Nathan mengernyit, "Tentu saja tidak, jangan berpikiran yang macam-macam, Davira."


"Lalu?" Davira mengangkat satu alisnya.


"Kita sapa dia sekarang," Nathan segera membawanya memasuki restoran itu.


Matanya langsung bertemu dengan netra milik Emma yang tampaknya begitu terkejut melihat kedatangannya.


"Nathan, pura-pura tidak sengaja melihat," bisik Davira pelan.


"Emma? Kau di sini?" tanya Davira segera menghampiri, dia benar-benar berpura-pura sedang terkejut.


Erick sontak menatapnya, "Jadi wanita ini yang dimaksud oleh Emma," batinnya kemudian menetap tangan Nathan yang menggenggam erat tangan Davira.


"Apa kabar Emma? Sudah satu minggu ini kau tidak ke mansion."


"Silahkan duduk, Nona," Erick menarik sebuah kursi untuk Davira.


"Tidak perlu, kami bisa duduk di meja lain," Nathan menahan lengan Davira agar tidak duduk bergabung bersama dengan Emma dan Erick.
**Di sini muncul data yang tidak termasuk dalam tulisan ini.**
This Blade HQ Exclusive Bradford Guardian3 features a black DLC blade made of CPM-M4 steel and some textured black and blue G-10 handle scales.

"Kabarku baik, Davira. Kau sendiri? Kau....sudah baik-baik saja? Ku dengar kau diculik," Emma mencoba untuk menghilangkan rasa gugupnya.
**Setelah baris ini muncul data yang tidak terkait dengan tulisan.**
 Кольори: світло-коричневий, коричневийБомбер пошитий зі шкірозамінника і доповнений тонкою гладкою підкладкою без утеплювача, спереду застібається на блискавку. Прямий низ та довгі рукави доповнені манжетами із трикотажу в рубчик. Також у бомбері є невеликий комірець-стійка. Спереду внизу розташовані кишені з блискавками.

"Aku sudah baik-baik saja, Nathan datang tepat waktu," jawab Davira kemudian melirik Erick.


"Dia kekasihmu, Emma?"


"Bukan," jawab Emma begitu cepat.


Emma berdehem singkat, "Kalian ingin makan? Sayang sekali kami sudah selesai," ia segera berdiri dari duduknya membuat Erick menatapnya tidak suka.


"Duduk, Emma," ucapnya penuh penekanan.


"Erick, sebaiknya kita pergi dari sini."


"Duduk, kau bahkan belum menyentuh makananmu. Bukankah kau mengatakan bahwa kau lapar?" Erick menatapnya tajam membuat Emma mau tidak mau kembali duduk.
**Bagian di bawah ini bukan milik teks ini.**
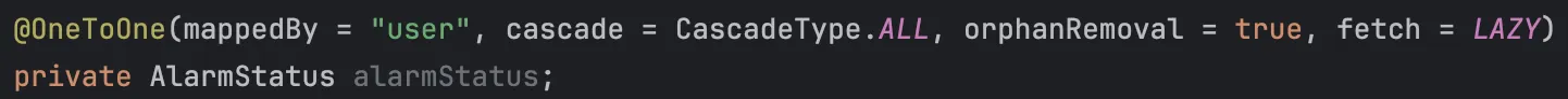 User와 AlarmStatus는 양방향 OneToOne 관계를 가지고 있는데, LAZY 로딩 설정이 안되어있다. LAZY 로딩이 설정이 되어 있지 않으니, User를 꺼내 사용할 때 EAGER 로딩으로 AlarmStatus를 추가로 조회해오는 것이다.

"Kenapa harus terburu-buru, Emma? Makanlah makananmu, kami akan duduk di sana," Nathan membuka suara.


"Kenapa tidak bergabung bersama kami saja?" tanya Erick kemudian tersenyum miring, hal itu membuat Emma merasa was-was.


Sedangkan Davira menatap mereka bertiga dengan rasa bingung yang menghampirinya, pasalnya dia merasakan aura permusuhan yang begitu kentara.


"Aku lebih suka makan berdua dengan kekasihku," jawab Nathan membuat hati Emma langsung terasa perih.


Erick terkekeh, "Bisa-bisanya kau memiliki seorang kekasih."


"Apakah ada yang salah? Jika aku tidak memiliki Davira, maka aku bisa saja bersama dengan Emma. Dan kau? Kau akan benar-benar ku buat kehilangannya, bersyukurlah karena aku masih menganggap Emma sebagai saudariku. Kau tahu aku tidak akan pernah ikut campur urusan saudariku."


Emma segera meraih tangan Erick yang sudah terkepal kuat.


"Nathan," tegur Emma dengan suara lembutnya.


"Sepertinya aku dan Davira akan makan di tempat lain, hubungi aku jika sudah pulang, Emma. Hati-hatilah," ucap Nathan kemudian melangkahkan kakinya bersama Davira, meninggalkan Emma dan Erick di sana.


Emma menatap kepergian mereka dengan dada yang terasa begitu sesak, tanpa sadar tangannya menggenggam Erick dengan begitu kuat. Erick hanya diam lalu mengusap pelan punggung tangan wanita itu.


"Tidak perlu menangis, Emma. Jangan lagi, dia bahkan tidak menghargai perasaan dan pengorbanan mu."